This highlights the need for appropriate control mechanisms to control opportunistic behaviour.
Gallivan and Depledge (2003:165) comment that control has no unified definition. There are however, numerous definitions in the literature for control, and a selection of these follows.
Leifer and Mills (1996:117) define control as “a regulatory process by which the elements of a system are made more predictable through the establishment of standards in the pursuit of some desired objective or state”. Gallivan and Depledge (2003:166), refer to the work of Ritzer, 1996) in arriving at a definition of control, namely that control comprises mechanisms for rationalizing behaviour, and that any one of the following signifies control: efficiency, predictability and calculability. Efficiency they qualify as “choosing a means to reach a specific end rapidly, with the lowest cost or effort (citing Keel, 1998)”. They contend that control is a necessary condition for efficiency. Predictability they define as “the attempt tostructure our environment so that surprise and “differentness” do not encroach upon our sensibilities” (citing Keel, 1998). Predictability is a reflection of control. Calculability denotes an emphasis on the “things that can be calculated, counted, quantified” (citing Ritzer, 1996:142)”. Control is described as “fashioning activities in accordance with expectations so that the ultimate goals of the organization can be attained” (Das and Teng, 1998:493). By and large, however, the many forms of control have been grouped into either formal or informal control (Dekker (2004), Eisenhardt (1985), Simons (1996), Das and Teng (1998)). “Formal control systems are based on measurement and often lead to rewards or sanctions, depending on conformance with specified procedures. In contrast, informal control is based on socializing individuals to accept the norms, values and culture of an organization as their own, thus ensuring compliant behaviour” (Gallivan and Depledge, 2003:165, citing Ouchi (1979) and Van Maanen and Schein (1979)).

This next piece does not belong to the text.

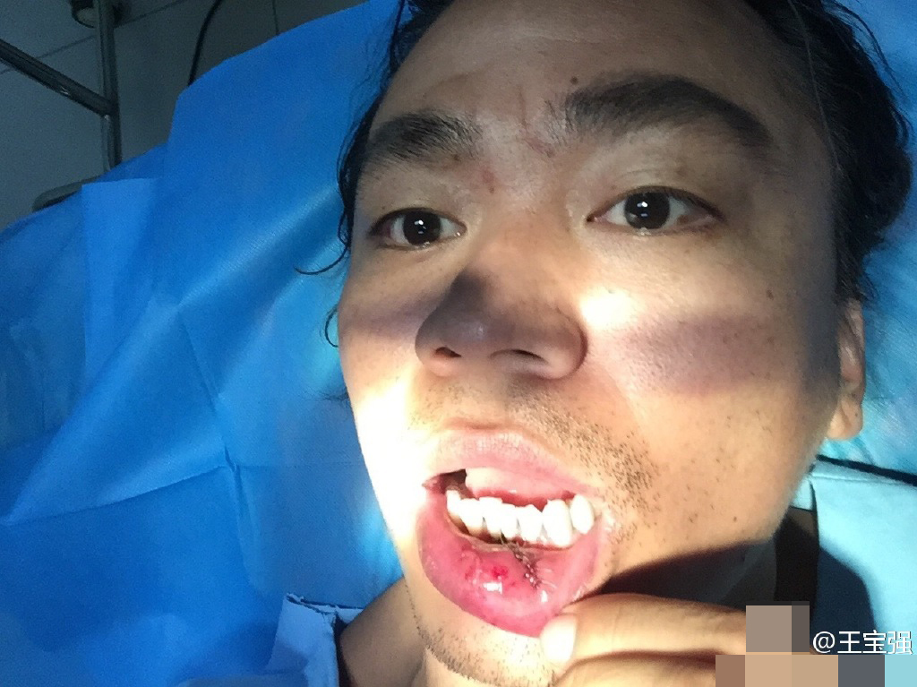 11日,王宝强在微博中晒出一张受伤后在医院缝针的照片,并配文:“宝宝缝了十针,但宝宝不哭”。

Williamson (1975:255) comments that real economic actors engage not only in activities that promote self-interest, but they also engage in “opportunism … self-interest seeking with guile; agents who are skilled at dissembling realize transactional advantages”. This section will explain how in the ideal market where there are ample opportunities for both buyers and sellers, there is no opportunism as there is a self-regulating mechanism that constrains opportunistic behaviour. However, as the reality is that there is no “ideal market”, attention needs to be given to what institutional or social mechanisms can be put in place to constrain opportunistic behaviour.
Hirschman (1982:1473) discusses idealized markets as “large numbers of price-taking anonymous buyers and sellers supplied with perfect information … function without any prolonged human or social contact between the parties. Under perfect competition there is not room for bargaining, negotiation, remonstration or mutual adjustment and the various operators that contract together need not enter into recurrent or continuing relationships as a result of which they would get to know each other well.” Granovetter (1985:484) explains that highly competitive markets discourage force or fraud and prevent individual traders from manipulation tactics. This is because where there is perfect competition, should a trader encounter a difficult relationship that is characterised by distrust or misconduct, she can simply move on to conducting business with a host of other traders willing to do business on market terms. Social relations therefore become unimportant.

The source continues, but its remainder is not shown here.